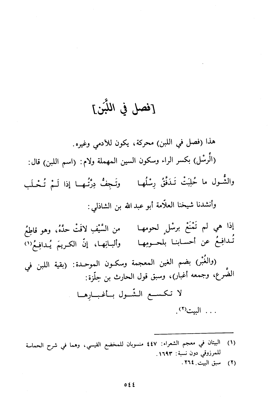 هذا (فصل في اللبن) محركة, يكون للآدمي وغيرهز
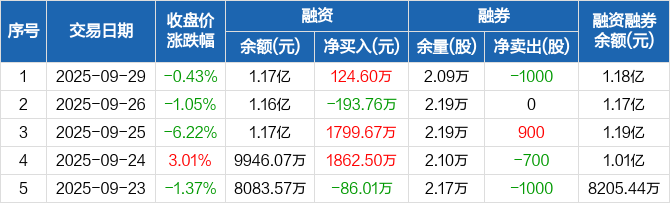 瑞丰新材:融资净买入124.6万元,融资余额1.17亿元(09-29)
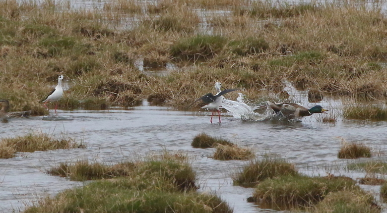 Beskrivelse: Begge stylteløbere ranker sig og løber truende mod to gråænder som hviler. Det lykkes at jeg først andrikken væk og derefter hunnen.
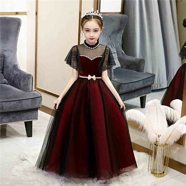 子供ドレス ジュニアドレス フラワーガール ベールガール リングガール パーティードレス キッズ ドレス お姫様 ロング丈 子どもドレス 女の子 ピアノ 発表会 ワインレッド 100 1 ステージ衣装
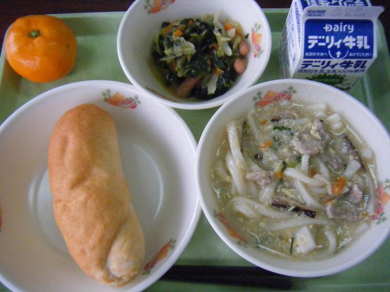 今日の給食のメニューは、卵とじうどん、ほうれん草のごまソテー、みかん、減量米粉パン、牛乳でした。
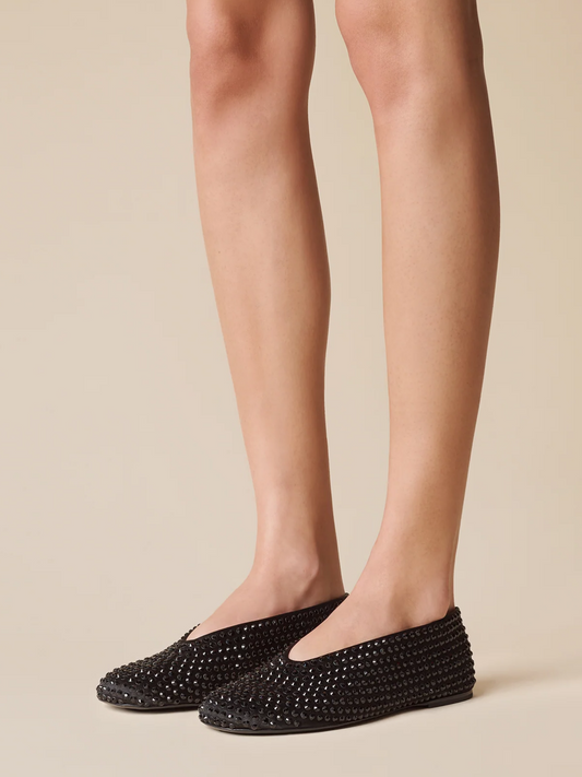 Black Full-Embellished Rhinestones Round-Toe Strass Ballet Flats

* * * * * * * * *

● WHAT IS BEING ASKED
Retype the data above exactly. Do not carry over any images.

● PROBLEM SOLUTION
 هذا (فصل في اللبن) محركة, يكون للآدمي وغيرهز
 瑞丰新材:融资净买入124.6万元,融资余额1.17亿元(09-29)
 Beskrivelse: Begge stylteløbere ranker sig og løber truende mod to gråænder som hviler. Det lykkes at jeg først andrikken væk og derefter hunnen.
 子供ドレス ジュニアドレス フラワーガール ベールガール リングガール パーティードレス キッズ ドレス お姫様 ロング丈 子どもドレス 女の子 ピアノ 発表会 ワインレッド 100 1 ステージ衣装
 今日の給食のメニューは、卵とじうどん、ほうれん草のごまソテー、みかん、減量米粉パン、牛乳でした。
 Black Full-Embellished Rhinestones Round-Toe Strass Ballet Flats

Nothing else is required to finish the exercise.